Is this still the best current information on graphics for Kindle and print?

I have recently completed writing three 40-50k word business books in Scrivener. They all have lots of graphics. I have used two-cell tables each time, with the graphic in the top row and the caption in the bottom row. I now need to work out how to minimize the work involved in compiling for Kindle / KDP, as well as low-volume print. The main challenge is that since I want universal Kindle compatibility, I need to work with the lowest resolution as my norm, as far as I can tell. The lowest-res kindles are 600 pixels wide. Clearly, print resolution needs to be much higher. I have also been using Word with my line editor and test readers. The 600-wide format is far too wide for Word, where I have to limit myself to 450 wide to avoid the graphics going off the side of the page.

Anyway, I found the discussion below in this forum. Is it the best current suggestion as to how to handle different formats? AmberV’s answer is the relevant one and is from November 2015. It suggests linking to images, rather than having them in the documents directly, and having different sizes for different purposes. It seems to me that I would have to then abandon the table approach and edit the caption directly into each image, since the table sizes are independent of the image sizes. For reference, I am not interested in any eBook format other than Kindle, though I realize I may ultimately need to go via another format and program like Calibre to get there.

https://forum.literatureandlatte.com/t/images-best-practice/31917/1

And here is a current list of Kindle resolutions:

the-ebook-reader.com/kindle-comparison.html

Maurice

This may be too technical an option, but have you considered using Multimarkdown and Pandoc? Compiling from Scrivener to a markdown file you could then easily make a small script which would edit the markdown to add different “width=x” markup and compile to an EPub and DOCX. You could automate this to then convert the EPub to mobi using kindlegen. This should be very flexible if you can set it up, and far less hassle than editing images with hard-captions…

pandoc.org/epub.html
puppet.com/blog/how-we-automate … -kindlegen

While I am still unclear about all this, I now believe that the best practice is the exact opposite of what I suggested when asking the question. In short, I now believe you have to use the resolution of the highest-res kindle device. This means 1072 pixels wide. I have to admit that I find this information difficult to reconcile with the Amazon recommendation of 2560x1600 for cover illustrations. That is considerably more than the highest-resolution Kindle, so I don’t see the point.

What am I missing?

And 1072 pixel-wide images look really strange in Scrivener as they are more than double the width of the text. All advice welcome.

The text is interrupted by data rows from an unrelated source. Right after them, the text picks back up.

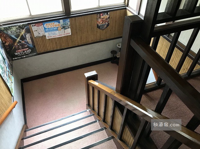 大浴場は玄関と同じ1階なのですが、厨房を通らせないためなのか、一度2階に上がってからまた階段を下がるという順路になっていました。
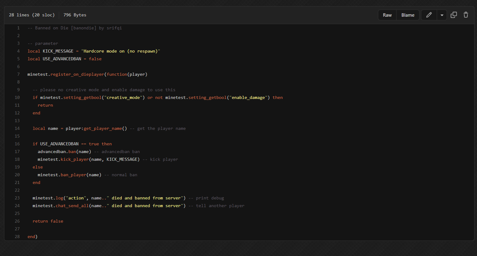 Exactly what I needed! Great mod to use. Also can be used as '1 life challenge' :)
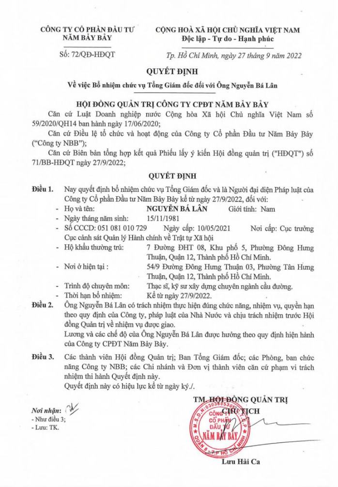 CBTT – Bổ nhiệm Tổng Giám đốc đối với ông Nguyễn Bá Lân

Scrivener is not a WYSIWYG editor. You shouldn’t be overly concerned about how images look in the Scrivener editor. However, for both performance and aesthetic reasons you may find that you’re happier if you use low-resolution placeholders while writing and replace them with the production-quality versions when done.

Cover illustrations in particular appear in a lot of places throughout the Amazon store and potentially in marketing materials, not just on the Kindle itself. That’s probably why Amazon wants larger versions.

“Pixels” is not really the right metric for graphics that will appear in print. Even an inexpensive small office printer can achieve 300 dots per inch resolution. So a graphic that is only 450 pixels wide will be either very tiny or very poor quality when printed. (Sorry, I’m not enough of a Word expert to have good advice on how to handle the running off the page issue.)

Katherine

Well, Amazon updated their publishing guidelines three weeks ago. The new document is at s3.amazonaws.com/kindlegen/Amaz … elines.pdf.

Bottom line: images that are designed to span the full width of a Kindle device must have a minimum horizontal dimension of 1200 pixels. The section implies, but does not actually say, that larger images will be scaled to fit the device being used.

9.4.2 Image Size and Quality Standards
Images must meet the minimum quality standard of 300 ppi for the intended display size. The minimum
standard for a full-page image in a book after allowing for margins, running heads, page numbers, and
captions is an image size of 4” by 6”. At 300 ppi, this image must be a minimum of 1200 x 1800 pixels.

It is becoming clearer.

Testing this morning using the Kindle previewer reveals a minor issue. Most of my graphics are in two-row, single-column tables. I do this to keep the caption with the image. The table border takes at least a pixel, as far as I can see. This means that 1200-wide graphics that have a border down the right side get cut off. I will have to play a little with the resolution, trying things like 1198, or find a way of not needing to use tables.